Copyright Carl Edward Rasmussen, 2006-04-06.

Minimize

The matlab function minimize.m finds a (local) minimum of a (nonlinear) multivariate function. The user must supply a function which returns the value and partial derivatives wrt all variables. The function uses conjugate gradients and approximate linesearches based on polynomial interpolation with Wolfe-Powel conditions.

This is a slighlty updated version of minimize.m. The most important change is that minimize.m now (mostly) gracefully recovers if the function cannot be evaluated for some parameters (eg for numerical reasons). In addition, the code is now more readable and a few other tiny modifications and bug fixes have been made. The old version (from 2002) is obsolete (but still avaiable here).

How to use the minimize function

This is an example of how to use the minimize function. First you need to supply a function which returns function values and a vector of partial derivatives of the function. As an example, we will use the Rosenbrock function, see rosenbrock.m. (If the function requires other arguments, you can pass them as additional arguments to minimize.m - they will simply be passed on to the function.)

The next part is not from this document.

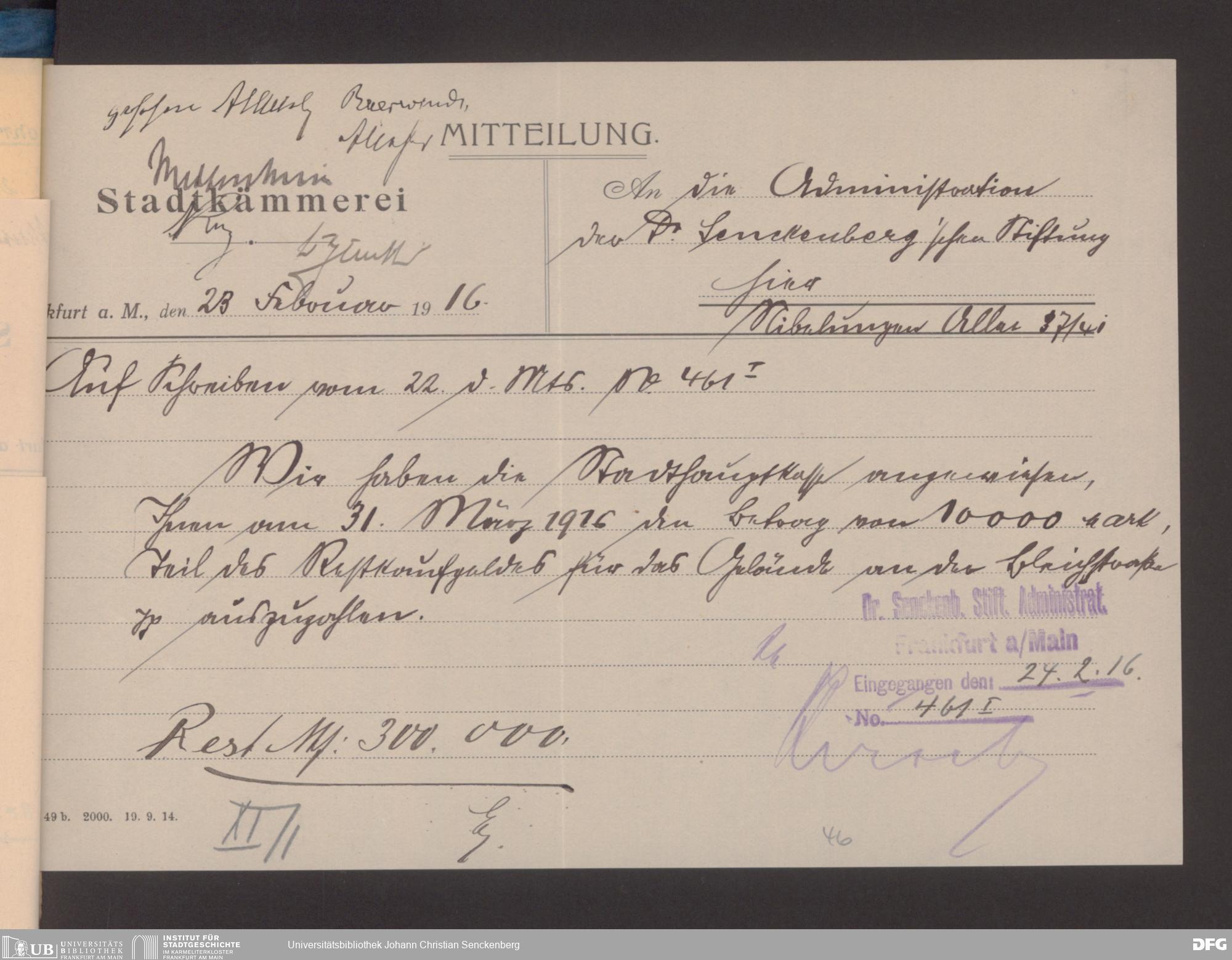 V48 Dr. Senckenbergische Stiftung, 491 - Rechneiamt

To start from [0 0]' and allow a maximum of 25 linesearches to minimize the function, do:
>> [x fx c] = minimize([0 0]', 'rosenbrock', 25)
Linesearch     18;  Value 4.930381e-32
x =
   1.00000000000000
   1.00000000000000
fx =
   1.00000000000000
   0.77160942667725
   0.58224024884105
   0.40492742502160
   0.32466327341368
   0.28960411147824
   0.07623420070067
   0.06786211944378
   0.03378423679313
   0.00108990808914
   0.00108795243321
   0.00008974308332
   0.00000012183819
   0.00000000675602
   0.00000000000000
   0.00000000000000
   0.00000000000000
   0.00000000000000
   0.00000000000000
c =
    20
this shows that the minimum (at x = [1 1]') was found after c = 20 iterations and fx contains the function value after each iteration. If instead we want to limit the search to 25 function evaluations:
>> [x fx c] = minimize([0 0]', 'rosenbrock', -25)
Function evaluation     22;  Value 6.786212e-02
x =
   0.79090360290176
   0.62236410995852
fx =
   1.00000000000000
   0.77160942667725
   0.58224024884105
   0.40492742502160
   0.32466327341368
   0.28960411147824
   0.07623420070067
   0.06786211944378
c =
    25
where the function value has been reduced to 0.068. Note that in this example each iteration (linesearch) used an average of around 3 function evaluations.

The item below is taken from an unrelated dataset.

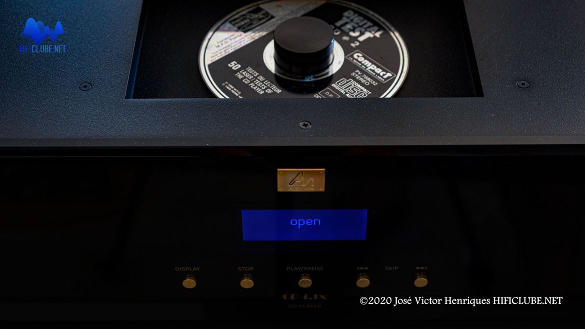 O transporte, que assenta sobre uma suspensão de 4-molas, é de ‘carregar por cima’, colocando-se depois um estabilizador magnético sobre o disco, e tem o mínimo de funções necessárias para reproduzir os CD: Play/Pause, Stop, Skip, todas acessíveis por controlo remoto ou pequenos botões dourados de pressão. E ainda Display, para reduzir/desligar a luminosidade do mostrador OLED em azul elétrico. Eject não há: abre-se a gaveta à mão, fazendo deslizar a tampa, e muda-se o disco…
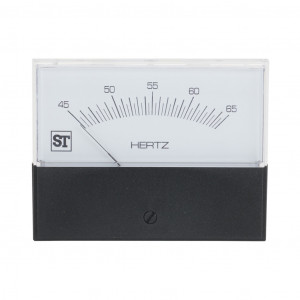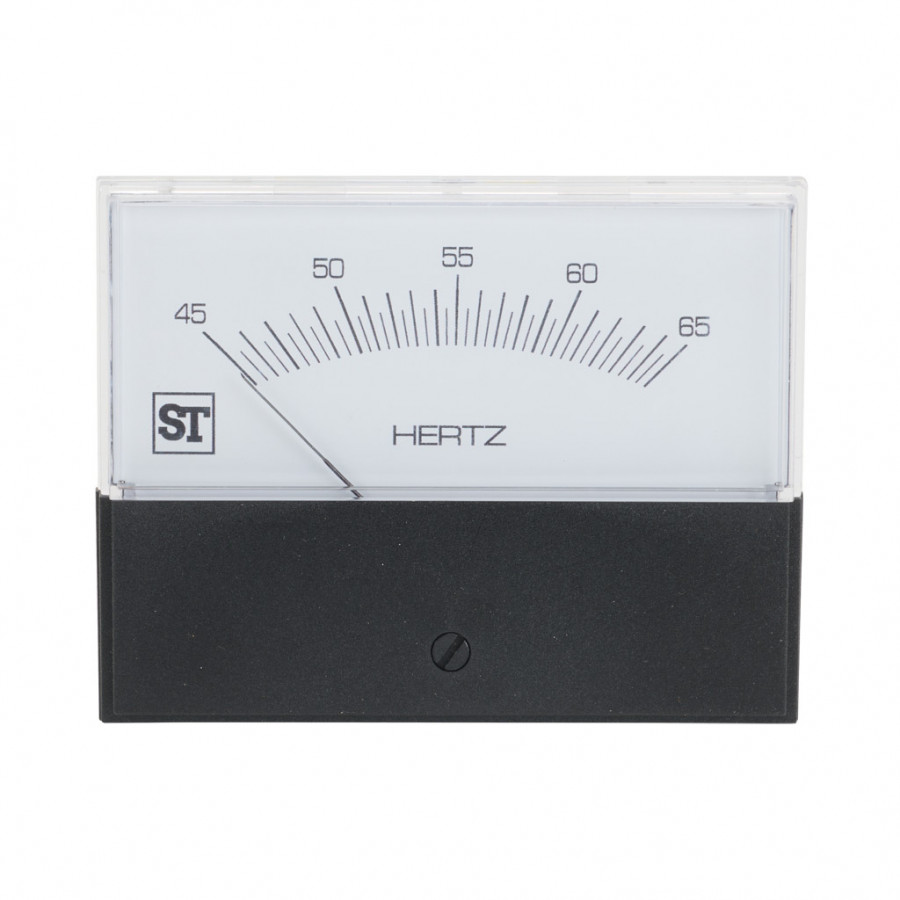 SIFAM TINSLEY CONTENDER PANEL METER, 3.5IN ANALOG DIAL DISPLAY, 45-65 HZ, FREQUENCY INPUT, SELF CONTAINED, PIVOT AND JEWEL, ROUND 4-HOLE MOUNT.

How efficient is minimize?

This question is very difficult to answer generally. However, for more challenging problems many people have found that minimize is very efficient compared to other routines. For example, using the matlab optimiztion toolbox, (Version 2.0 (R11) 09-Oct-1998) for a 100 dimensional Rosenbrock problem:
>> x0 = zeros(100, 1);
>> a = fminunc('rosenbrock', x0, optimset('GradObj', 'on', 'MaxFunEval', 20));
>> disp([rosenbrock(x0) rosenbrock(a)])
  99.00000000000000  88.38645133447895
reduces the function from 99 to around 88 using 2121 function and gradient evaluations (don't ask me why it calls the function 2121 times when MaxFunEval is set to 20). Using minimize:
>> x0 = zeros(100, 1);
>> a = minimize(x0, 'rosenbrock', -2121);
Function evaluation   2119;  Value 1.851149e-25
>> disp([rosenbrock(x0) rosenbrock(a)])
  99.00000000000000   0.00000000000000
showing considerably more progress in the same number of function evaluations. For larger problems, the difference is even more severe: for the 1000 dimensional Rosenbrock problem, minimize converges in 10177 function evaluations to a value of 8.296869e-27, whereas fminunc reduces the function value from 999 (at zero) to 980 in 21021 function evaluations (if you want to replicate this experiment, be aware that for some reason matlab's fminunc is computationally extremely slow for the 1000 dimensional problem).

Make sure that your partial derivatives are computed correctly!

Once you have written a function to minimize, it may be wise to check that the function values and partial derivatives a consistent. If they are not consistent, then minimize will probably claim that no more progress can be made after only a few iterations. You may use the checkgrad (checkgrad.m) function, to compare the partial derivatives with finite difference approximations. Eg, we could try:

>> randn('seed', 21);
>> checkgrad('rosenbrock', randn(3,1), 1e-5)
   1.0e+02 *
   9.91926964244770   9.91926964286449
  -3.76300059587095  -3.76300059616597
   0.36091809447947   0.36091809448635
ans =
     2.405447213023161e-11
to verify that the partial derivatives and finite differences approximation have very close values at some random point.